*** Opening Source material ***
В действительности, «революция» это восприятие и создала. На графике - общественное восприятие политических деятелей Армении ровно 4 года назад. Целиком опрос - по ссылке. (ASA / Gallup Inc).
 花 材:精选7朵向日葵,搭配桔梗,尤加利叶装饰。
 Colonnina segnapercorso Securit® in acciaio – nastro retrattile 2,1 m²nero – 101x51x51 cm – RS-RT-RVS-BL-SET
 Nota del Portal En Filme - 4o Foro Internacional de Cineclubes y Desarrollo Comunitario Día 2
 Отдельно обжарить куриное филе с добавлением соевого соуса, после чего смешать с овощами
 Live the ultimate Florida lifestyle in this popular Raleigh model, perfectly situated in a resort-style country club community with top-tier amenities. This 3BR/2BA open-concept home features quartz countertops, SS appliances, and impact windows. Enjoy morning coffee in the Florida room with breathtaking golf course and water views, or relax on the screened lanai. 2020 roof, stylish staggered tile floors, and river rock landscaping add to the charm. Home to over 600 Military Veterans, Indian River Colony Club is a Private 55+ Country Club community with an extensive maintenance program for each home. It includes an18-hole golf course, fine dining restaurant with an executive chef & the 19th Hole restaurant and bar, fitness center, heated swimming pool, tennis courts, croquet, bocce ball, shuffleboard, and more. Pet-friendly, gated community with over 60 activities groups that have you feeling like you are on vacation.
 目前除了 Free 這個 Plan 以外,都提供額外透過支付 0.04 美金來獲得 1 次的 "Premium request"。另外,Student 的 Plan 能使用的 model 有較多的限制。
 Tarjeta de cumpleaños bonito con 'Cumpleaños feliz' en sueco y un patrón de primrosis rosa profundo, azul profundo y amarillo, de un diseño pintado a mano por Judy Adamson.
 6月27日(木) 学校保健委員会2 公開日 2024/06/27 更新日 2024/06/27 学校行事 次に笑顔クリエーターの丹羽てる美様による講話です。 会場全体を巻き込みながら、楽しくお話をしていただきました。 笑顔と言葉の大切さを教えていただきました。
*** Closing Source material ***
*** Opening Source material ***
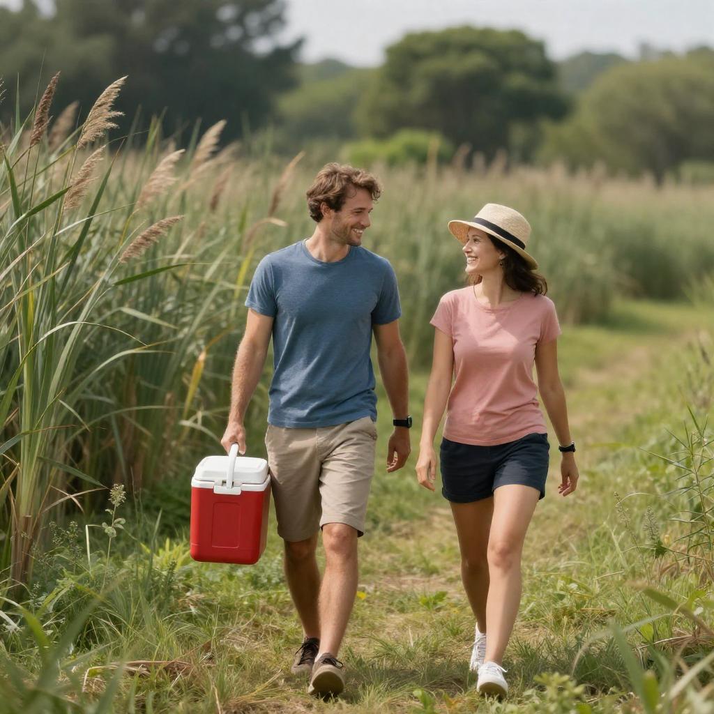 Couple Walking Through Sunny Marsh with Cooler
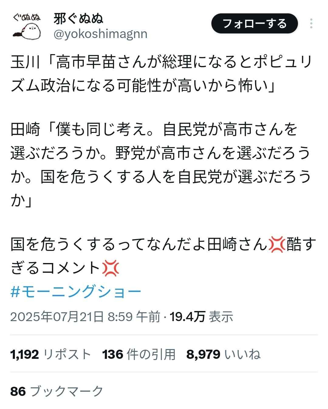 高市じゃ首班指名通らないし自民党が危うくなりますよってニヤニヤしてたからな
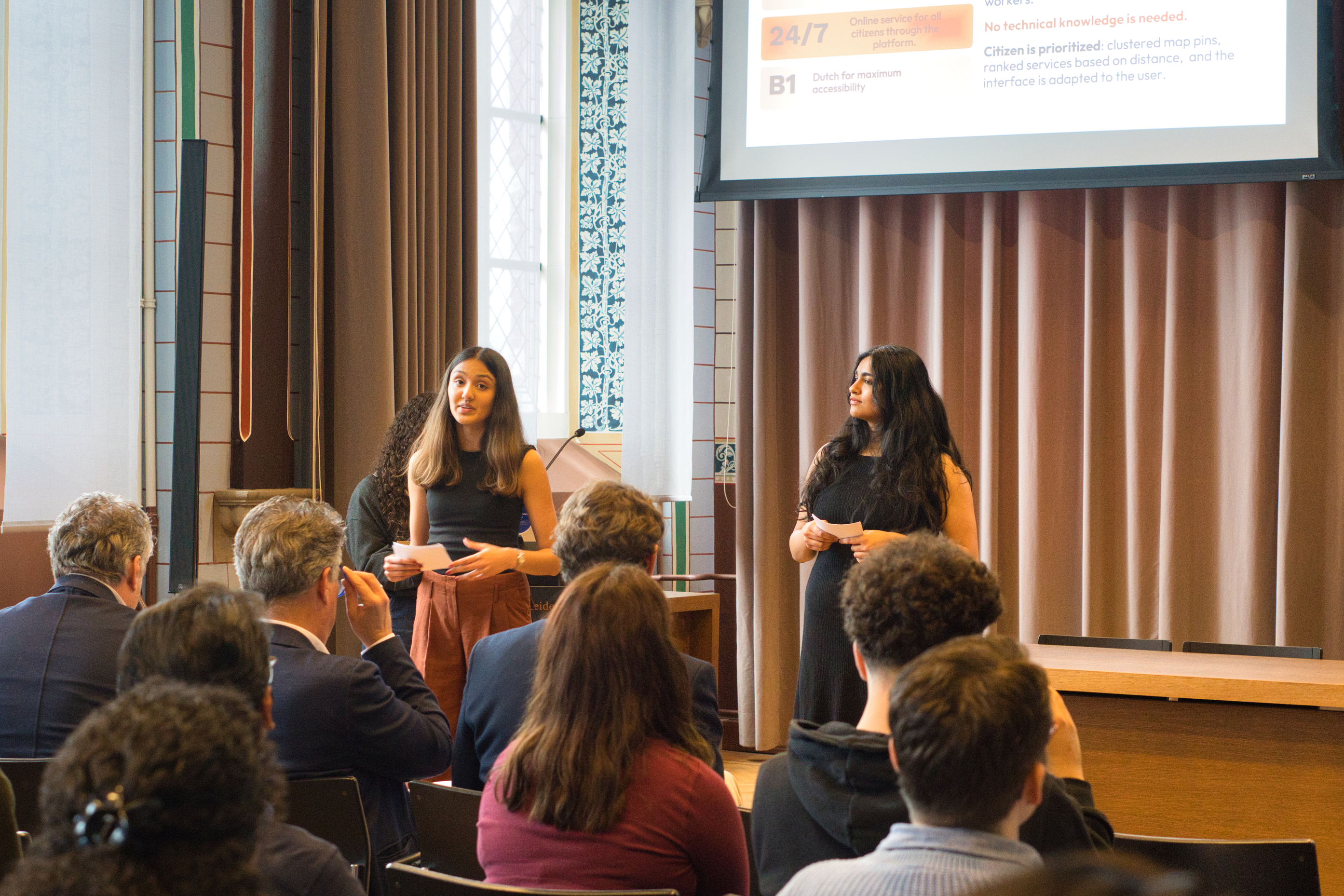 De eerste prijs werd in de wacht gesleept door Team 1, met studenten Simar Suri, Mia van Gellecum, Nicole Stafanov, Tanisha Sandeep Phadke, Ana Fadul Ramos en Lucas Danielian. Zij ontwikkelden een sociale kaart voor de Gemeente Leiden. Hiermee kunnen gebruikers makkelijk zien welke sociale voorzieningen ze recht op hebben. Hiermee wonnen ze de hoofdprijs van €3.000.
*** Closing Source material ***
*** Opening Source material ***
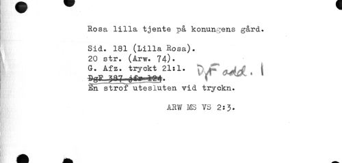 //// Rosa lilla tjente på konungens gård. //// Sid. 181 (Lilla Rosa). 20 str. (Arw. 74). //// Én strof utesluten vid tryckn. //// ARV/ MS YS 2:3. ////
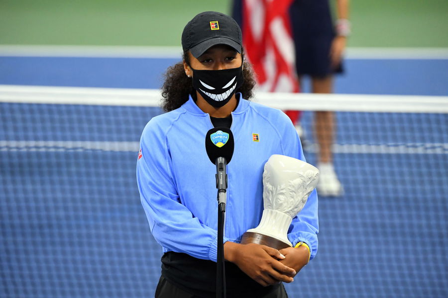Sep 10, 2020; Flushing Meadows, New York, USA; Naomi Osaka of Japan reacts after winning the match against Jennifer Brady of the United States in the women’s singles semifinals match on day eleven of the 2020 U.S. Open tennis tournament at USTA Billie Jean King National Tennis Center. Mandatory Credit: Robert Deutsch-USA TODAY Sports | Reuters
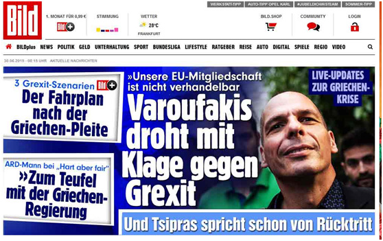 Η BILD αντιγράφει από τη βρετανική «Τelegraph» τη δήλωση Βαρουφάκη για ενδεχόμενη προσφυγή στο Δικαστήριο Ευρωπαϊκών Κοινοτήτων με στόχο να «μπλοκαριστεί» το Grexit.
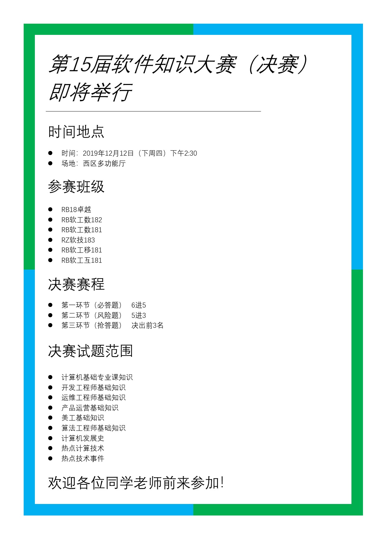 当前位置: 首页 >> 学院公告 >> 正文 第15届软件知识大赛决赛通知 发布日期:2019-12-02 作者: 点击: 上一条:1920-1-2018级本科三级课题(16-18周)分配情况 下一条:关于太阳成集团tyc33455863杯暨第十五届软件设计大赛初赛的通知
*** Closing Source material ***
> Problem statement
Find "model" in the preceding records. Copy each line that holds it.

> Solution
 Live the ultimate Florida lifestyle in this popular Raleigh model, perfectly situated in a resort-style country club community with top-tier amenities. This 3BR/2BA open-concept home features quartz countertops, SS appliances, and impact windows. Enjoy morning coffee in the Florida room with breathtaking golf course and water views, or relax on the screened lanai. 2020 roof, stylish staggered tile floors, and river rock landscaping add to the charm. Home to over 600 Military Veterans, Indian River Colony Club is a Private 55+ Country Club community with an extensive maintenance program for each home. It includes an18-hole golf course, fine dining restaurant with an executive chef & the 19th Hole restaurant and bar, fitness center, heated swimming pool, tennis courts, croquet, bocce ball, shuffleboard, and more. Pet-friendly, gated community with over 60 activities groups that have you feeling like you are on vacation.
 目前除了 Free 這個 Plan 以外,都提供額外透過支付 0.04 美金來獲得 1 次的 "Premium request"。另外,Student 的 Plan 能使用的 model 有較多的限制。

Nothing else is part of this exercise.